Я был комсоргом класса и слушал Би-би-си и “Немецкую волну”: в моей душе не образовалось ни одной трещинки. (Учитель истории меня ненавидел, я спрашивал у него: “Кто такой Сахаров?”, “Кто такой Синявский?”. Однажды за “врагов народа” он устроил мне педсовет с директором, но никто не пришёл. Потом ещё и ещё. А закончилось это тем, чем заканчиваются чуть ли не все подобные истории: вскоре историк приносил мне — пачками, я еле успевал прочитывать — Савинкова, Владимова, Янова, Солженицына, чтобы я мог не понаслышке, а лицом к лицу сравнить, найти, убедиться. И я сравнивал, находил, убеждался и не видел безобразия ни в том, что конспектировал на уроках, ни в том, что читал после них.) Когда все узнали, что умер Черненко, моя в будущем первая женщина сказала мне: “Чёртик подох”, — и мне было стыдно и за неё, и за “Чёртика”, и за “подох”. В спектакле “Интервью с Рональдом Рейганом”, поставленном нашим школьным политтеатром (вход свободный), я переиграл все роли: и Станислава Кондрашова, и Генриха Боровика, и Збигнева Бжезинского, и Патрика Бьюкенена, и самую ответственную, доверяемую только отличникам и активистам — Рональда Рейгана.

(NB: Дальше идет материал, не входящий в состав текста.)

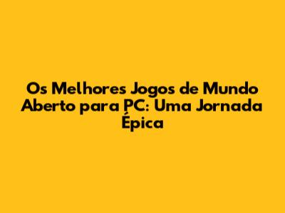 Os Melhores Jogos De Mundo Aberto Para PC: Uma Jornada Épica
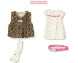 - Janie and Jack baby girl "All in Bow"Sherpa Vest/Dress/Tight/Toy 4pc Set 3-6m
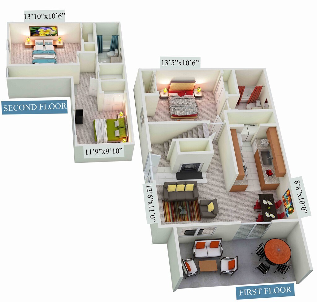 3 Beds, 2 Baths, 1155 sq ftAvailable NowModel Gallery
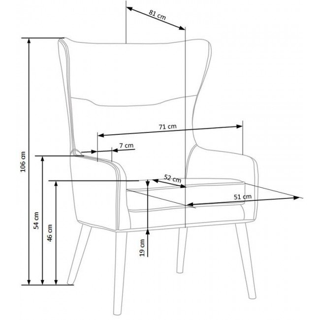 - Matmenys (plotis/gylis/aukštis/sėdimosios dalies aukštis): 71/81/106/46 cm
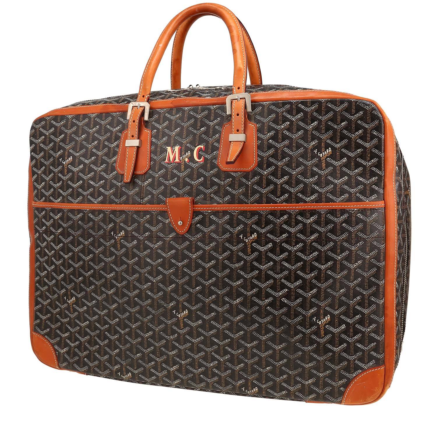 Maleta Goyard en tela Goyardine negra y cuero marrón Ref Collector Square: 41 73 66
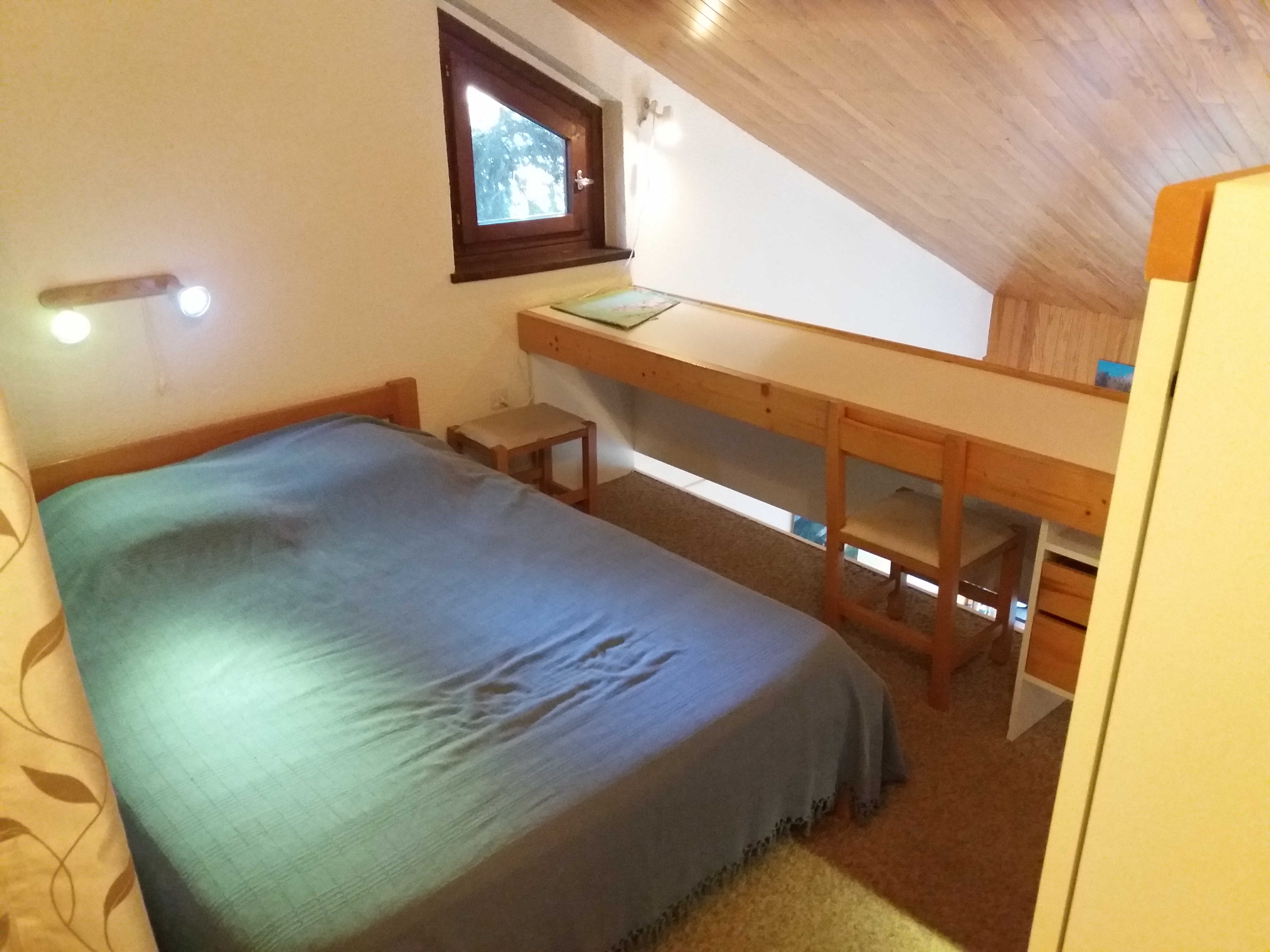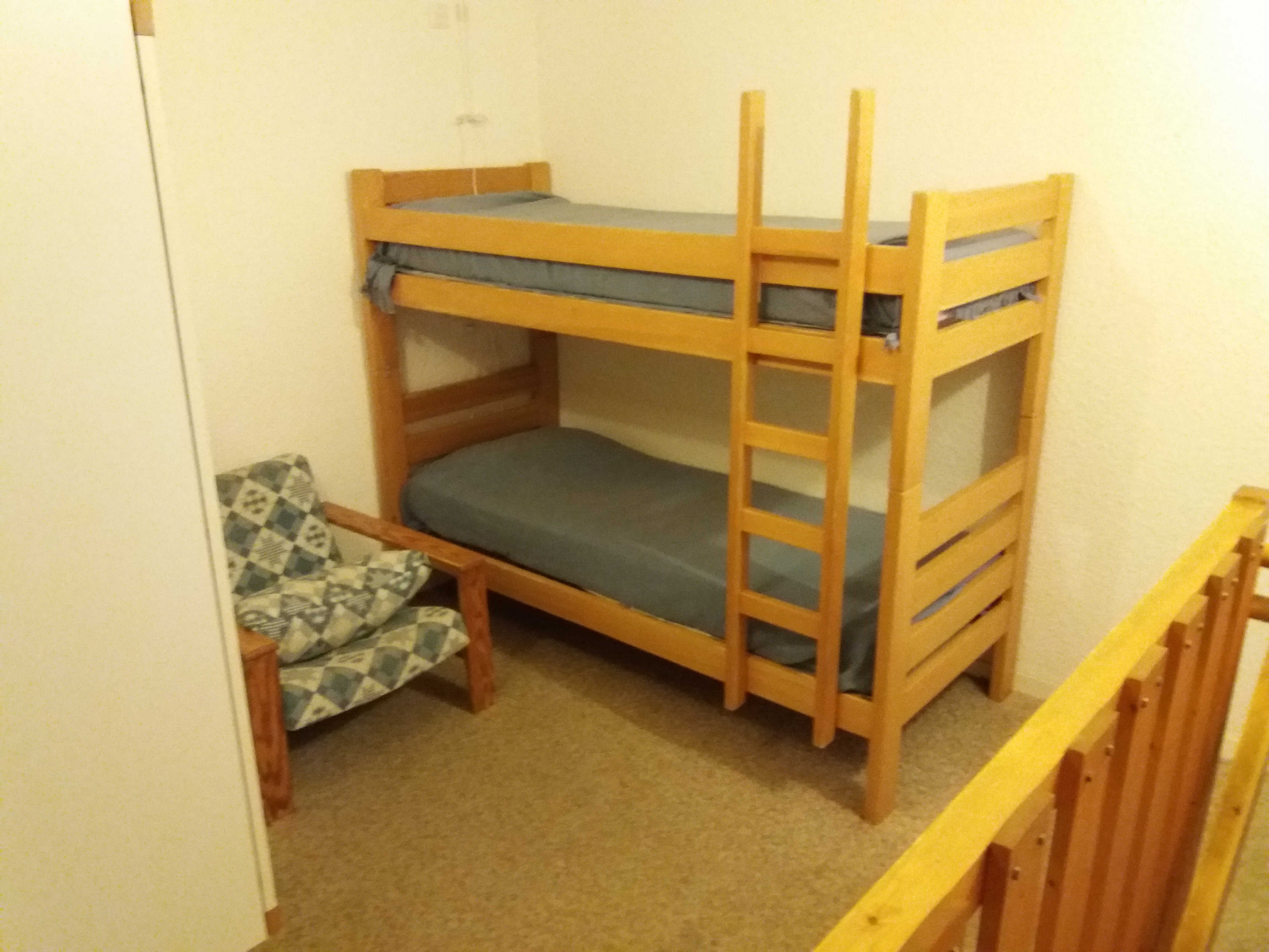 Mezzanine avec deux lits superposés et un lit deux places. Une chambre avec un lit deux places (130 cm).

Беспринципность не сделала меня равнодушным к политике, скорее наоборот — разожгла (абсолютно не болезненную) страсть к разнообразиям (здесь самое время произнести слова “политическая проститутка”. Это я, добрый вечер). Был момент, когда я, не раздираемый на части, одновременно баллотировался в Верховную раду, горсовет и райсовет — всюду от разных партий — и чуть-чуть не прошёл в одно из этих мест (среднее). Политические взгляды заменяло мне ощущение участия: там, где надо было кричать, я не кричал, там, где можно было остановиться, я останавливался, если нет — просто делал вид, что не понимаю, где нахожусь и чего от меня хотят. А от меня хотели точки зрения (у меня её не было). “О, это был один из самых странных политиков своего времени!” — скажут обо мне потомки. А может быть, скажут: “Он был человеком своей эпохи”, — с акцентом на “своей”.
Той самой эпохи, что делила, делила, делила жизнь на заглавные буквы и прописные истины, на одно и другое, на консерватории и публичные библиотеки, а потом, плюнув на это дело (я не говорю — “устав” или “перестав на что-то надеяться”), смешала ноты, краски, аксиомы и отдала их нам: давайте-ка теперь сами, вы же такие взрослые, такие большие и умные, а я перекурю на лестнице, если что — позовёте. Лиотар, когда ему дали слово, написал о нулевой степени общей культуры: “…по радио слушают реггей, в кино смотрят вестерн, на ленч идут в закусочную Макдональда, на обед — в ресторан с местной кухней, употребляют (па)рижские духи в Токио и носят одежду в стиле ретро в Гонконге…” И заметьте, это написано не о глупости и подлости, не о том, чем следует или не следует гордиться, а об эпохе — стеклянном времени стеклянных людей, отражающихся друг в друге без всякого насилия и неудобства. “Оно им надо?” — спросите вы. Нет, оно им не надо, но так совпало, так получилось, я согласен — неуклюже, нелепо и даже безвкусно, но так оно вышло.